Being a child of the 70’s, I could retort that I was a passionate George Carlin fan when the FCC went to war against what Carlin dubbed the “seven words you can’t say on the radio.”

But there is a deeper point about free speech that advocates gloss over. There is a saying that “the Internet routes around troubles.” By its highly connected nature, the Internet has always done this, and that is what makes it such a powerful technology. But the Internet’s power to connect people and services is built on two technological facts: interconnection between networks and the construction of new networks with greater capacity. The Internet can route around troubles if networks can create new connections where needed and develop new forms of interconnection. They have been able to do this because there is no government agency – nor any rent seeking company trying to use regulation to force terms of interconnection – that can interfere with the unregulated negotiations and agreements that help interconnect the myriad networks of the Internet. Having the FCC in the middle of the process will inevitably mean delays and even denial – or the threat of denial – when interconnection agreements are proposed. In effect, the FCC will shut down many new forms of commercial interconnection and the Internet will slowly become less and less able to do what it does best.

China’s Internet shows what can happen when governments manage network connections. China has managed to limit and monitor interconnections which means there are fewer routes available for the Internet to use to get around the “troubles” China’s monitoring creates for speech. This is the threat the FCC really poses. It will likely slow or deter limit interconnection agreements and stifle innovative new forms of interconnection. This means fewer routes for communications, possibly more congestion, and, over time, less investment.  The phenomenal ability of the Internet to adapt to new challenges created by new forms of communication or increased traffic will be hampered by regulations that interfere with the process of creating new interconnection points. Interconnection is not just a technical and physical process – it also involves working out commercial arrangements between companies and organizations who own networks.

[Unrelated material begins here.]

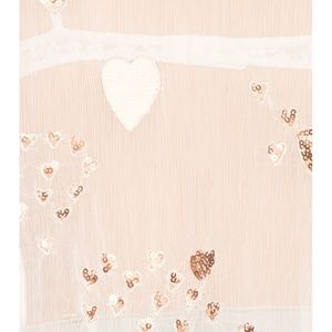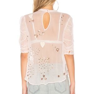 Crinkly chiffon sheer blouse featuring super sweet embroidery and sequin detailing.

The second argument against traditional utility regulation – concerning the negative impacts it will have on the economic growth and innovation stimulated by the Internet – seems to have been lost sight of as the debate has led to the FCC’s rulemaking decision. Some even argue that the innovation and “creative destruction” the Internet has stimulated has resulted in less economic growth than earlier waves of technology. In a nutshell, they say that the social and economic benefits of the Internet are overstated, and that its technological advances bring with them renewed and enhanced cyber threats and vulnerabilities. So even if regulation is imposed, it won’t have that much of an economic impact they argue. But I think this is wrong for two reasons, and I believe that not enough research has been done to push back against this notion.

For one thing, these arguments assume that the Internet has “reached its peak” – that its impact has basically run its course. But the reality is that we have only begun to see how it can be used to improve our lives. We still mostly use it to monitor systems, entertain ourselves, and communicate. There is so much more that these technologies can do including, for example, helping to prevent system failures before they happen – in homes, in human bodies, and in infrastructure. The losses from preventable catastrophes and illnesses have to be staggering and the costs to our economy huge. Effective use of the Internet and automated information technologies can change this – indeed, they may have already begun to do so in areas like health care.

Or take transportation. People sometimes make fun of “self driving cars” but the information and network communications technologies involved can help make transportation far more efficient, even if “self driving” is not just around the corner. Take parking in cities as a simple example.  Today, large amounts of fuel and time are spent trying to find parking in metropolitan areas. With “networked” parking lots and sensor-equipped parking spaces, drivers will know where available parking is and won’t have to drive for minutes or longer trying to find parking.  And this is only one example of how networked cars, highways and destination points will save time and energy – and reduce greenhouse gases.

Second, the way we measure productivity is outdated and does not fully credit the many positive impacts the Internet has had on work output and efficiency. For example, when I first started doing construction work early in my career, we had very limited technology to help us do our jobs faster. Most of what we had was built for manual labor. There were no nail guns or screw guns and only a few power tools. Today, all that has changed. But here is one other thing that has made a huge difference – the Internet and mobile technology. For example, when I needed parts for a plumbing job back then, I’d show one of my workers the part I wanted and then send them to the hardware store to get it. Once they got there, if what they found was not an exact fit, they had to find a pay phone, try to describe what was there, and I’d have to make a judgment about whether to get an imperfect piece or not. If they came back with something that did not work, I’d have to send them back again.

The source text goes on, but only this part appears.